特にパソコンやスマホが普及しだしてから、ブルーライトは話題になっています。
専門家問わず多くの人が、その有害性について議論していますが、一体どのようなエビデンスがあるのでしょうか?
この記事では、ブルーライトの影響を独自に検証し、その真相を明らかにしたいと思います。
また、有害性がある場合はその対策や、デマなら何故広がったかその理由についても考えてみたいと思います。
ブルーライトとは何か?
引用:ブルーライト研究会(http://blue-light.biz/)
ブルーライトは、波長が380~500nmと短く、エネルギーが高い青色の光です。(人の目は380~780nmの波長のみ見えます。)太陽光をはじめ、パソコンやスマホなどのデジタルデバイスの画面や、LED照明などから放出されます。
近年では、ブルーライトが眼の健康や睡眠に悪影響を与えるという報告が増えていますが、じつは、ブルーライトが目に悪いという決定的な科学的エビデンスは、いまのところないのが実情です。
ブルーライトの有害という主張
ブルーライトが有害であるという主張には、以下のようなエビデンスがあります。
睡眠への影響:短波長の青色光は、昼間に目覚めるために役立つ脳内ホルモンである「セロトニン」の分泌を促し、夜に眠りにつくために重要なホルモンである「メラトニン」の分泌を抑制します。「セロトニン」は通常太陽光を浴びることで、分泌が活発になります。

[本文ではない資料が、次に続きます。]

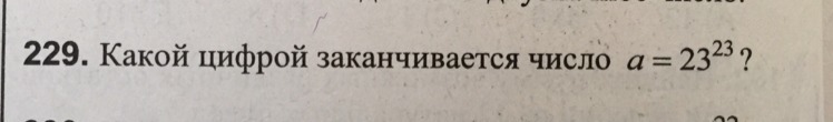 23 оканчивается на 3, а степень 23 тоже оканчивается на 3. Следовательно все это большое число оканчивается на 3 в третьей степени, то есть 3*3*3=27 7 это последняя цифра числа

これにより、夜間にデジタルデバイスを使用すると、睡眠の質が低下する可能性があります。
眼の健康への影響:一部の研究では、ブルーライトが特定の波長で眼の網膜にダメージを与えることが示唆されています。これが網膜の老化を加速させ、加齢黄斑変性症(AMD)のリスクを高める可能性があります。
ブルーライトが有害ではないという主張
一方で、ブルーライトが有害ではないという主張もエビデンスがあります。
睡眠への影響に関する研究の限界:ブルーライトが睡眠に悪影響を与えるとされる研究も、状況や個人差によって結果が異なることが指摘されています。また、ブルーライトだけが睡眠の質に影響を与えるわけではなく、生活習慣やストレスなどの要因も関与していることが分かっています。
網膜への影響に関する研究の限界:網膜への影響に関する研究は、主に細胞レベルや動物実験に基づいています。これらの結果が人間にそのまま適用できるかどうかは、まだ明らかになっていません。また、実際にブルーライトが引き起こす網膜へのダメージは、自然な老化過程で発生するものと比較しても非常に小さいとされています。
有害とされる主張に基づく対策
もしブルーライトが有害であると考えるなら、以下の対策が役立つでしょう。
デジタルデバイスの使用を制限:寝る前のスマホやパソコンの使用を避けることで、睡眠の質を向上させることができます。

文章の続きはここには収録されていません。